Mar 01 22:12:48 CoreELEC-M8S kernel: usb 1-1: USB disconnect, device number 2
Mar 01 22:12:48 CoreELEC-M8S kernel: usb 1-1: new full-speed USB device number 4 using xhci-hcd
Mar 01 22:12:48 CoreELEC-M8S kernel: usb 1-1: New USB device found, idVendor=2341, idProduct=0043
Mar 01 22:12:48 CoreELEC-M8S kernel: usb 1-1: New USB device strings: Mfr=1, Product=2, SerialNumber=220
Mar 01 22:12:48 CoreELEC-M8S kernel: usb 1-1: Manufacturer: Arduino (www.arduino.cc)
Mar 01 22:12:48 CoreELEC-M8S kernel: usb 1-1: SerialNumber: 55735323935351B002A0
Mar 01 22:12:48 CoreELEC-M8S kernel: usb 1-1: ep 0x82 - rounding interval to 1024 microframes, ep desc says 2040 microframes
Mar 01 22:12:48 CoreELEC-M8S kernel: cdc_acm 1-1:1.0: ttyACM1: USB ACM device
Mar 01 22:12:48 CoreELEC-M8S sh[2891]: 2021-03-01T22:12:48.829 hyperiond LEDDEVICE    : <ERROR> Device disabled, device 'adalight' signals error: 'Rs232 SerialPortError: Resource temporarily unavailable'
Mar 01 22:12:48 CoreELEC-M8S hyperiond[2901]: Device disabled, device 'adalight' signals error: 'Rs232 SerialPortError: Resource temporarily unavailable'
newkind commented 3 years ago

@Lord-Grey So as suspected the device turns off the usb hub internally right? If that's the case then I'll take this topic to the CE forums and ask for advice there.
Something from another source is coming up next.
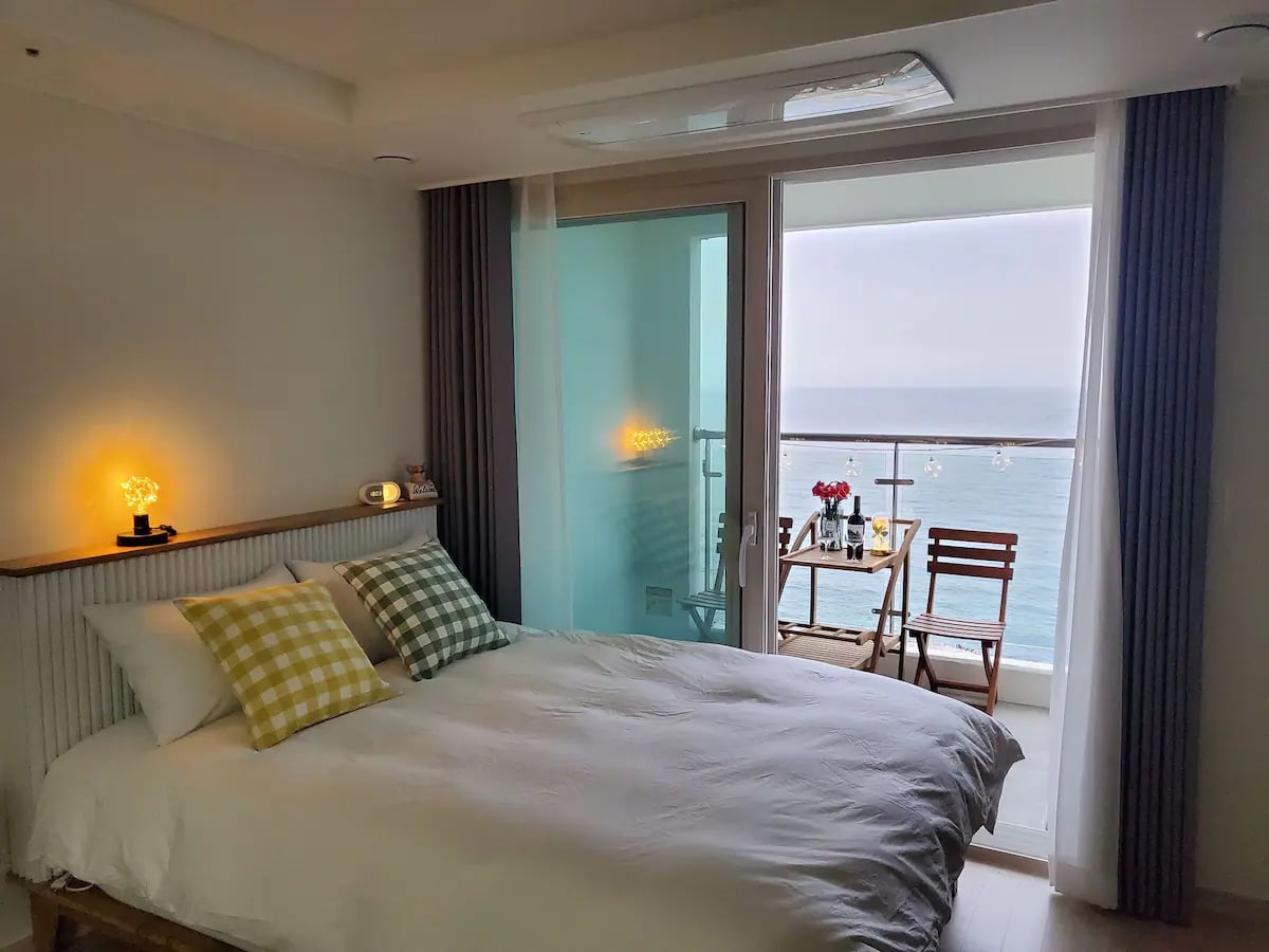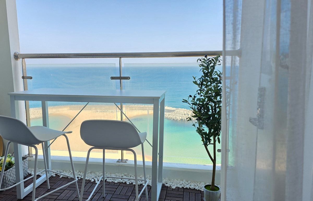 2023 Grand opening, E7 in Jukdo. -One Studio Room (Double bed) -Just in front of Dongsan Beach, 10Sec from the Beach -Check In from PM4:00 -Check Out by AM11:00 -3Min by car from Jukdo Beach, Ingu Beach -15Min by car from Jumunjin Beach, BTS MV location -30Min by car from Kyungpo Beach, Sok-Cho and Seolak Mountain. -Refrigerator, Electric range, Microwave, Dishware, Pot, Frying pan -Shampoo, Hair conditioner, Body shampoo, Tower Thank you:)

Lord-Grey commented 3 years ago

@newkind In addition, I am going to check, if I just could ignore the error and do the next write or if I need to reopen the USB device.... to make the hyperion more robust for such a scenario....
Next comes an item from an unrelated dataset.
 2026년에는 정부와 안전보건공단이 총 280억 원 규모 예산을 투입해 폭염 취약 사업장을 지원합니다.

newkind commented 3 years ago

That would be awesome! Thank you!

newkind commented 3 years ago

@Lord-Grey Just coming back to you with another update. I took the kernel issue to the CoreElec forums and vpeter checked that this kernel code has such description:

EM interference sometimes causes badly shielded USB devices to be shutdown by
the hub, this hack enables them again. Works at least with mouse driver.

My arduino is in a separate plastic case about 30cm from the CE device so I ruled that out as a source of interference.

After that I replaced the usb cable that I have been using and I haven't noticed any crashes since then (almost 24h)! Even though the cable I was using works, it's most likely so badly shielded that it caused the EM interference and thus linux kernel was disabling the usb port on the internal hub.

That was... well... unexpected!

I still need a day or two to make sure that the crash won't happen again, but so far it looks really good!

One more time thank you for your support and finding out the kernel error report! :)

newkind commented 3 years ago

Everything still works fine, so I can confirm that the issue was the poor cable shielding causing interference and linux kernel disabling the usb internal hub port because of the EM interference.

One more time thank you @Lord-Grey for your support.